I can remember Bradford being my… the place where I, I realized that things either were happening on a small scale or they weren’t happening and I could be part of making them happen. So, I guess I started to realise this. There were two big things that made a big difference to my life, to what I helped to make happen in Bradford, I guess. One of them was, I went on the Stonewall Youth Campaigning Programme and it was sort of my… I pegged it as my year of ‘saying yes’ and I’ll do everything. So, I applied to go on the Youth Campaign, the campaigning programme and I got accepted to do that and it was really excited that I was able to be a part of this Youth Campaigning thing, so I went on that and that was probably around 6 years ago that I did that and met a lot of other LGBT young people which I think it was up to the age of 21. I met some really strong friends through that and we spent a weekend on a residential discussing… looking at different ways you can campaign to get LGBT equality across the, mostly… well it was education we looking at and looking at the different campaigns that you can do to get that recognition. And I met so many inspiring people and so many people that had done so many things I'd never even heard of or even thought of, just… it opened my eyes to a whole new world that I just wasn’t aware of at all and other issues that other people faced in different areas. So, that was sort of I came back from that and I worked really hard on creating workshops for kids in secondary schools in Year Eight and I had sort of a learning mentor through that campaign programme who helped me to create this delivery. I went back to my old secondary school and I delivered it to kids in there and I worked hard on getting my old school on board and that was sort of my entry into educating people and delivering workshops and delivering training and I ended up winning the youth campaigner of the year award that year. That just pushed me to do more & more & more, because I didn’t feel like I’d done very much but I’d still done enough to win an award so I thought, ‘oh I can do so much more than this’.

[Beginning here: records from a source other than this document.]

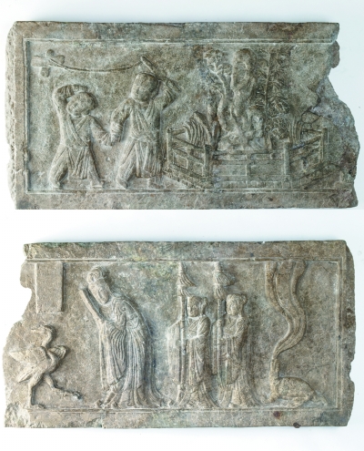 2014年起,考古隊對位于遼寧省北鎮(zhèn)市的新立遼代建筑遺址、琉璃寺遺址進行了考古發(fā)掘。在新立遺址,發(fā)現(xiàn)了一組較完整的遼代四合院式建筑基址。考古領(lǐng)隊萬雄飛介紹,出土遺物的瓦件絕大多數(shù)為綠色琉璃,“證明該四合院建筑為一座滿鋪綠琉璃瓦的高等級建筑。正殿周圍還出土了大量鋪地花斑石殘塊,這種高級石材一般僅用于皇家宮殿和陵寢建筑。”正殿之上還出土了一些玉冊殘塊,有契丹小字和漢字兩套。遺址東側(cè)的坡地上出土了一件具有皇家氣派的大型石螭首。通過與遼慶陵的比較,并結(jié)合史料綜合分析,專家認為這里就是遼代乾陵的陵前祭殿。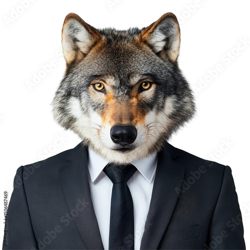Wolf dressed in a business suit standing against a Transparent background showcasing a unique blend of elegance and wildness, Wolf in Business Suit on PNG background
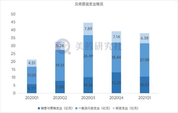 不过,表面上经纪人带来了整体业务规模的扩大、营收和利润提升,相比之下,佣金支出的增速却不容小觑,本季度佣金支出总计142亿元,去年同期为57亿元,同比增长149%。贝壳的支出结构里,线上线下的高联动度带来了大额的佣金与门店支出,又与互联网企业拥有类似水平的带宽运维成本,导致贝壳的毛利率23.3%具有很大的提升空间。复杂的业务体系使得贝壳的管理成本也居高不下。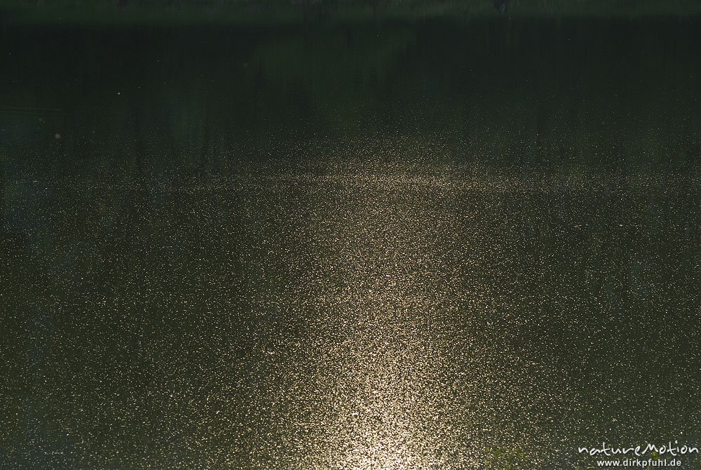 Wasseroberfläche von Pollenkörnern bedeckt, Lichtstreifen der untergehenden Sonne, Axelsee, Würgassen, Deutschland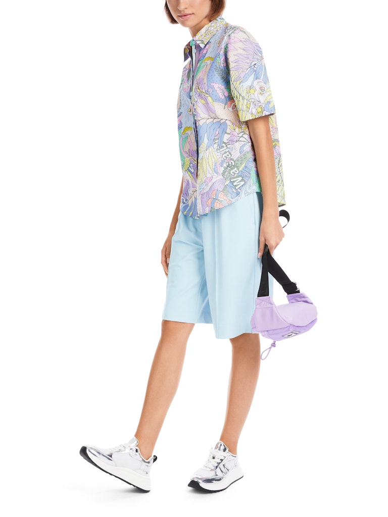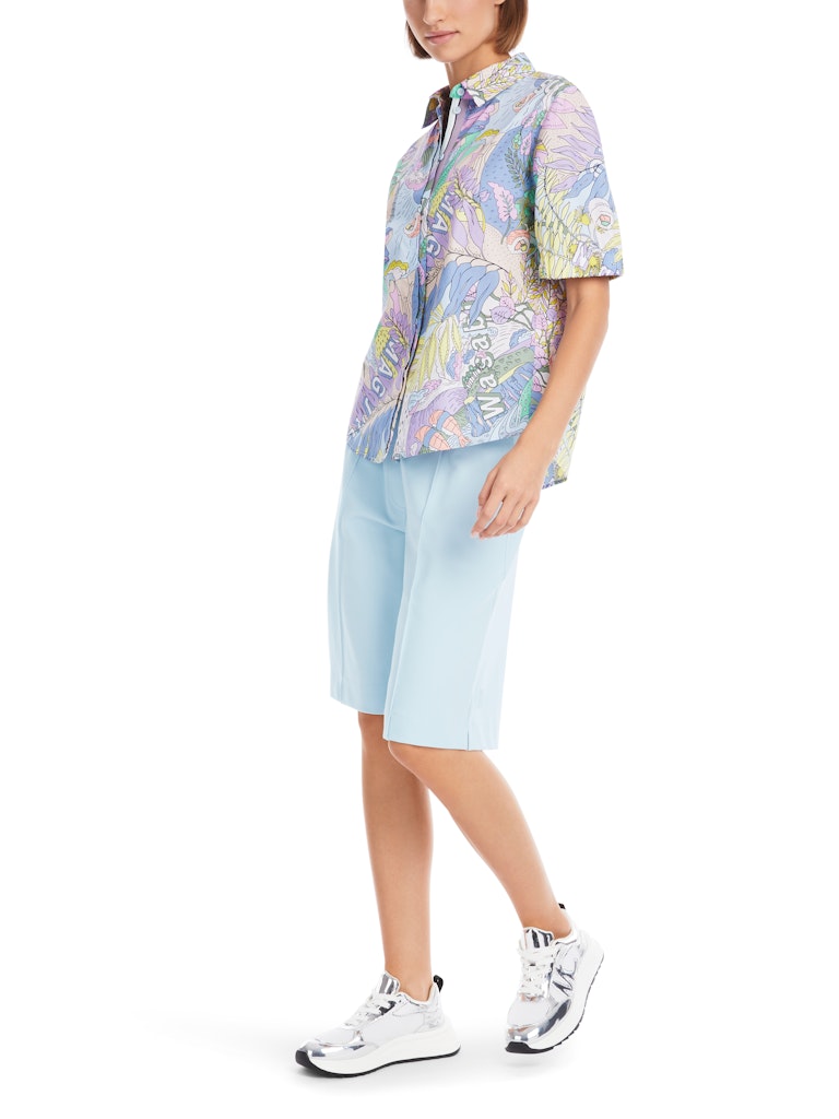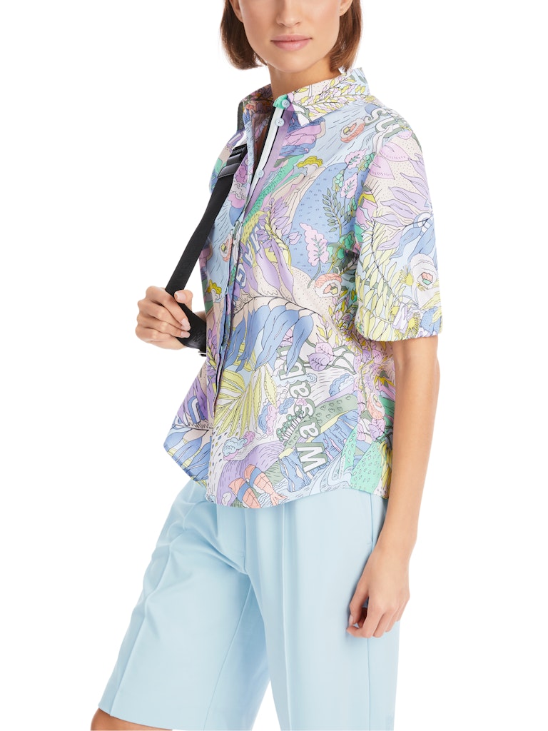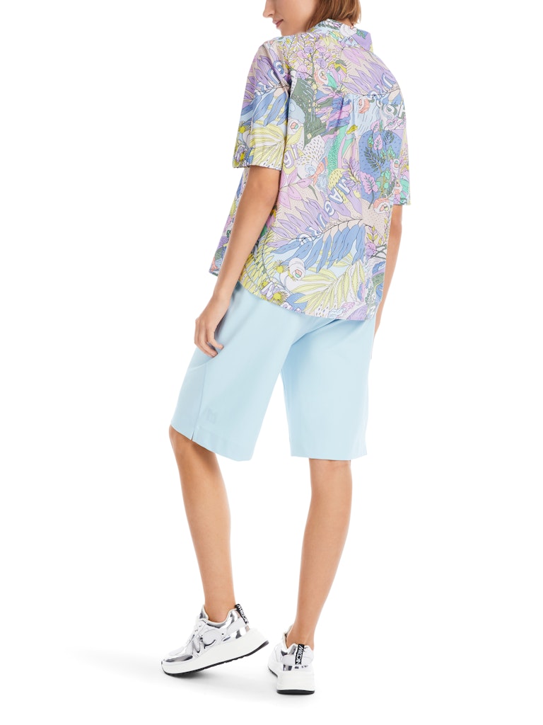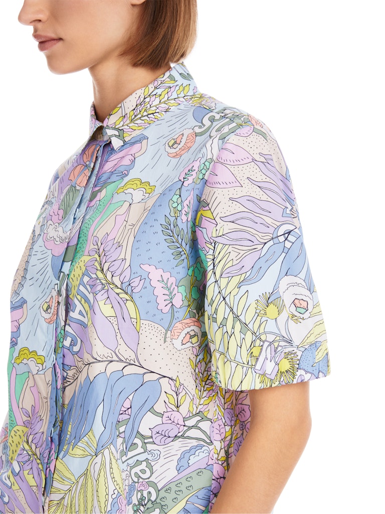 Bedruckte Bluse "Rethink Together"|Gefertigt aus reiner Bio-Baumwolle überzeugt diese weite Bluse mit ihrem Tragekomfort. Die Bluse trägt das Nachhaltigkeitslabel "Rethink Together". Eyecatcher ist das Allover-Hawaii-Dessin aus der aktuellen Sky-Colours-Selektion. Einzigartig ist zudem die doppelte Knopfleiste. Die kurzen Ärmel kommen mit elastischem Bund, der Saum ist abgerundet.|Weite Form|Abgerundeter Saum|Rethink Together|Aus feiner Bio-Baumwolle|Das Model ist 179 cm groß und trägt N3/38.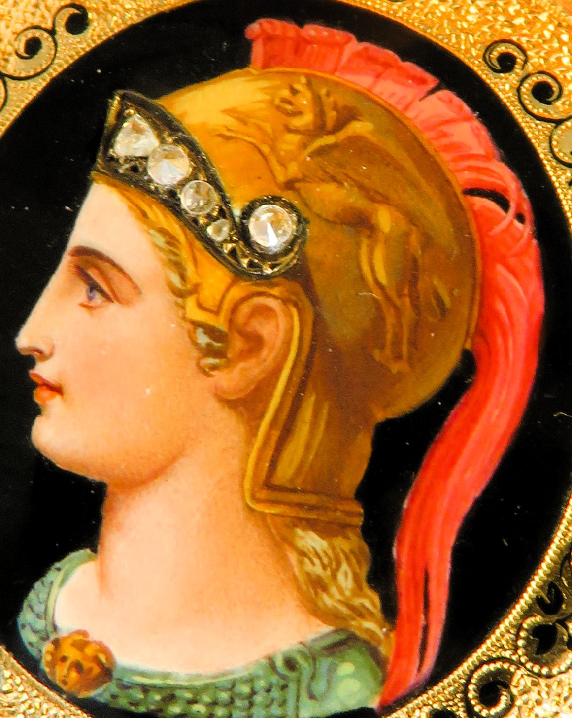 Massiv 18K Goldgehäuse mit wochenlang von Hand, oftmals mit Pinselchen mit nur einem einzigen Haar, in Lupenmalerei auf Emaille antikisierendem Porträt einer Dame, evtl. der griechischen Göttin Helena, von wirklich allerhöchster, fast einzigartiger Qualität, Detailausarbeitung und Feinheit der Darstellung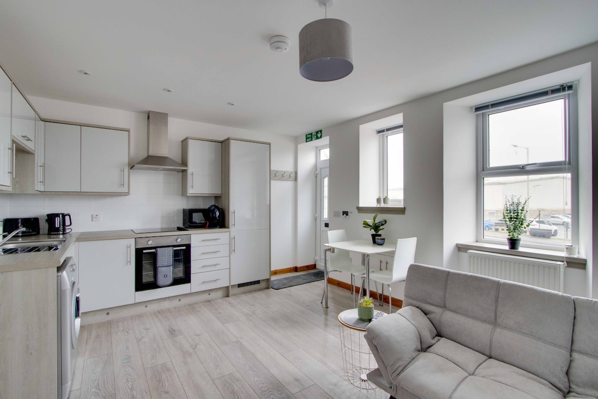 This modern flat is in the picturesque town of Montrose in Angus. 5 mins walk from a Blue Flag beach, Championship golf course and quaint high street shops. Beautiful modern flat with open plan kitchen/lounge area, 1 double bed and 1 bed which can be made single or double. 1 bathroom and private outside courtyard. Beautifully decorated. Fully equipped TV/Linen/Towels. Unrestricted on street parking. Main east coast train and bus to nearby cities eg: St Andrew’s, Carnoustie Aberdeen Dundee.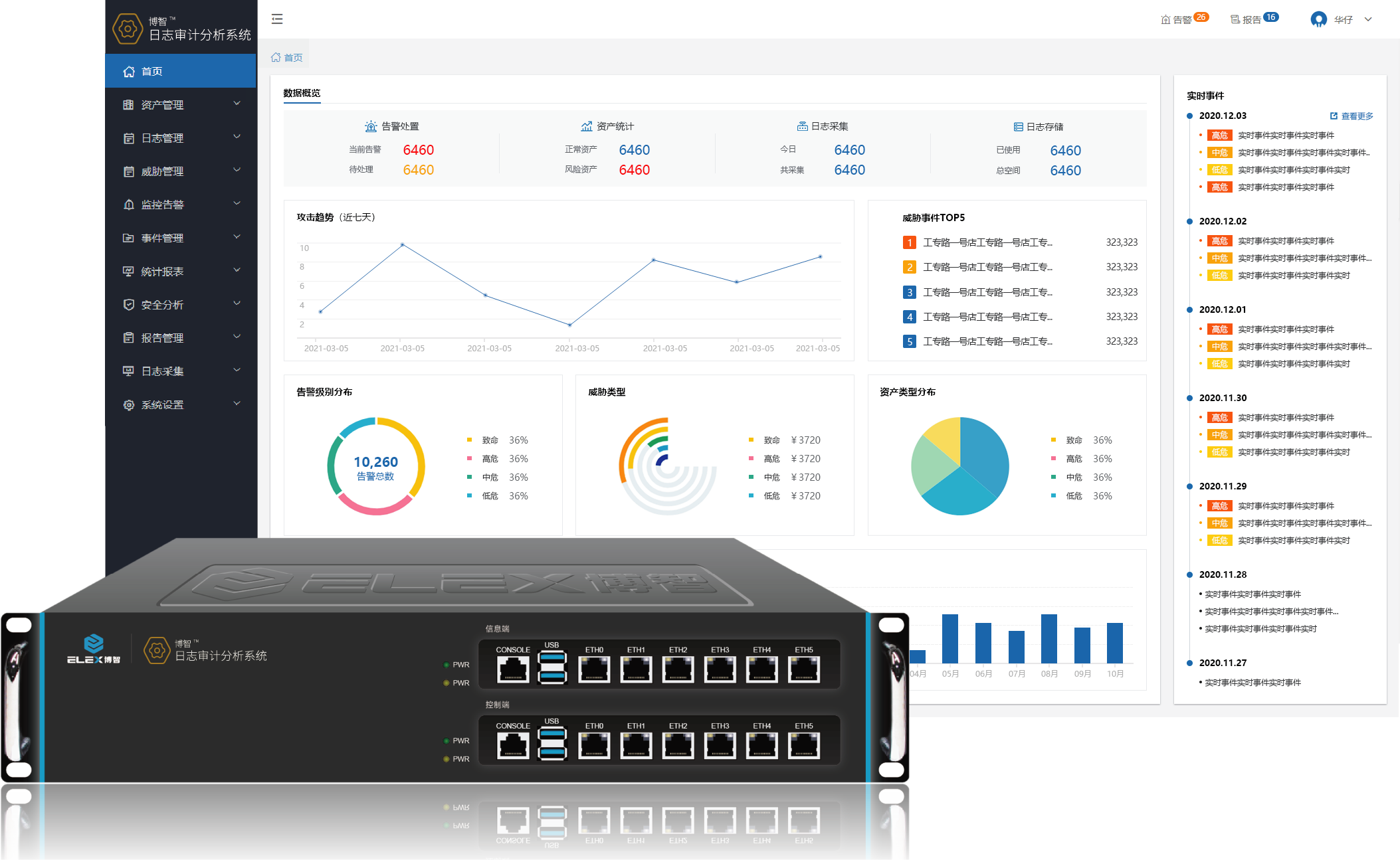博智日志審計分析系統能夠實時不間斷地采集匯聚企業中不同廠商不同種類的安全設備、網絡設備、主機、操作系統、用戶業務系統的日志信息,通過豐富的關聯分析方法、機器學習協助用戶進行安全分析及合規審計,及時、有效的從各類設備的海量日志中發現異常安全事件及審計違規,滿足日志審計的合規要求。

So, that happened in that year but what also happened in that year was I went on the NUS LGBT conference, which is for the colleges and universities and all the LGBT societies to go on the conference to talk about the different policies and stuff that’s happening- I had no idea what was going on. There was a guy who was the LGBT officer at Bradford and he just said ‘Yeah, you can come along to this with me’. So, I just followed him along to Manchester and I didn’t see him for the rest of the weekend and made some more friends there and saw what was happening and saw what LGBT societies could do and saw what the support groups could do.

RE: I met my first non-binary person, I met trans people and discovered the issues that trans people faced and those sort of different diverse identities and people of colour, people of faith and being LGBT and all of these things. I spent a weekend and I got so excited by everything, and those two things happened within about 6 months of each other, and so I sort of took it upon myself from there to make our LGBT society in Bradford happen because nothing was happening. So, I… you know, made a non-drinking space, I made a learning space, I got trans speakers in, I got people to come and talk about sexual health, I got MESMAC to come in and do HIV testing at the University and at the same time I was delivering lectures to social work students around being inclusive of LGBT people in their work. I set up events for LGBT history month and just so many things happened from those two things in six months, it just sort of set me on my way really. It was just so exciting to get that inspiration from these sorts of national places and see what people are doing nationally and to sort of bring my little part of it to Bradford and join all of that. I’d got loads of material to take to BLAGY [LGBT youth group] and to help deliver sessions with Jonathan at BLAGY and from there I managed to get some paid work with MESMAC. So, that was about… it was maybe about 5 years ago that I managed to get paid work with them which was doing some one-to-one support for LGBT people, it was doing some online work, going into schools and setting up groups in schools and offering assemblies to young people in schools and things like that so I sort of managed to get some paid work from MESMAC from having done all the stuff that was going on nationally I guess… yeah [laughter].